In 2010, she appeared at the SIC (Sociedade Independente de Comunicação) Gala de Natal (Christmas Gala) with her group Amor Electro where they performed the single "A Máquina (Acordou)".

Marisa played the Portuguese adaptation to the music of the animated Italian film Winx Club 3D: Magica avventura. The film premiered on 31 March 2011. In November of that same year, the band Amor Electro reached platinum with their debut album.

From 2014 to 2023, she was a coach on The Voice Portugal. She won the show four times with competitors Tomás Adrião, Marvi, Luís Trigacheiro, and Gustavo Reinas. In 2021, she served as a coach on The Voice Kids. In 2025, Liz debuted as a coach on The Voice Gerações (the generations version of the show). In 2026, she was the winning coach when her group Os En'Canta Modas won the season.

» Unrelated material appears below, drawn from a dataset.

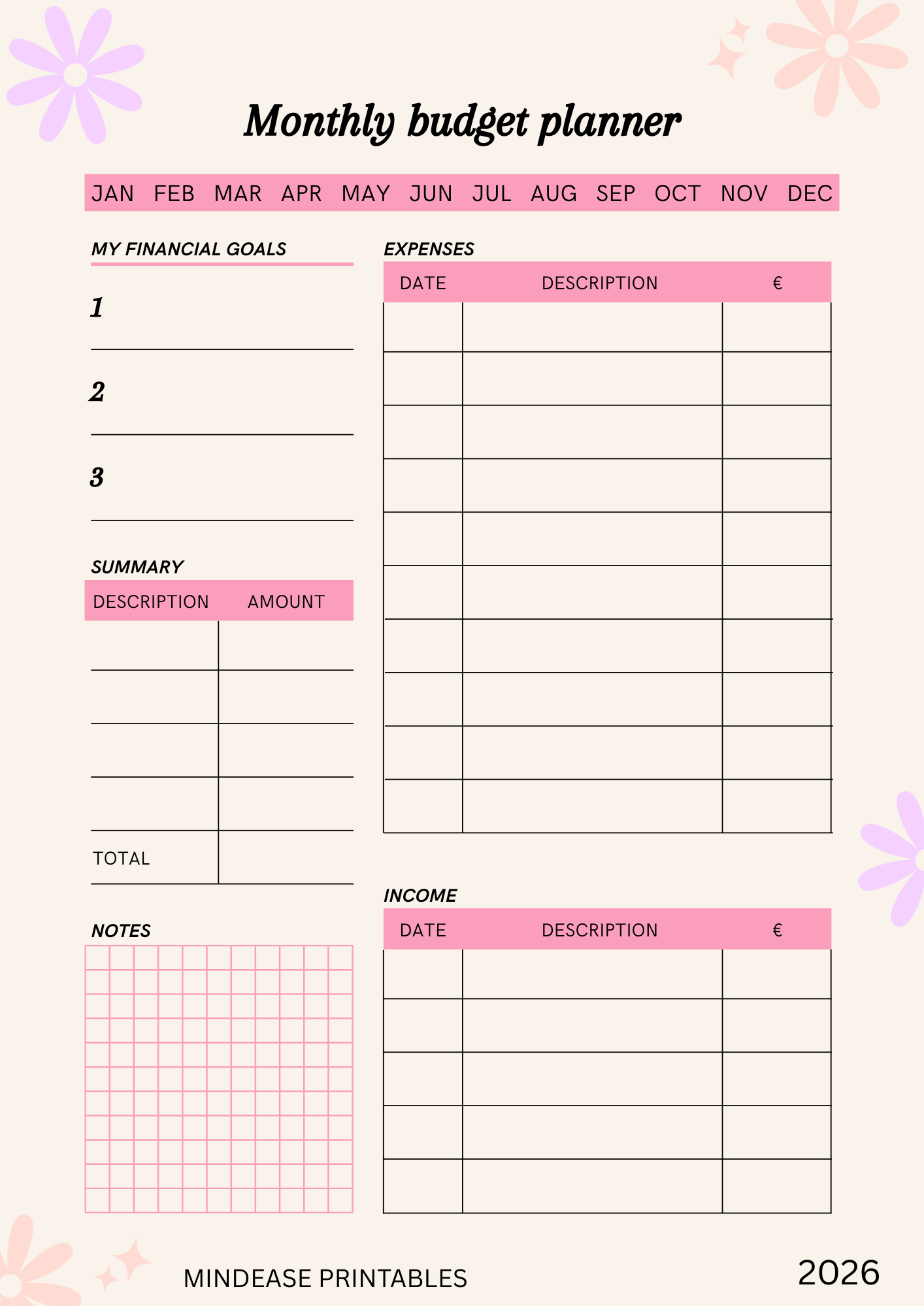 💰 Monthly Budget Planner Set and track your financial goals with dedicated sections for income tracking (multiple sources, gross amount, after tax), expense monitoring, and budget summary. Includes space for 3 financial goals, total calculations, and notes section for monthly reflections.

In 2019 she formed, together with Áurea, the Elas project.

== Personal life ==
Marisa Liz had an 18-year-long relationship with Tiago Pais Dias with whom she had two children, Beatriz and João Tiago. The couple parted ways in January 2020. In the course of the same year, it was rumored that she had started a relationship with her co-host Áurea. Both Marisa and Áurea denied the rumours. In 2021, Marisa started dating actor Diogo Branco. She also announced that she was diagnosed with attention deficit hyperactivity disorder (ADHD).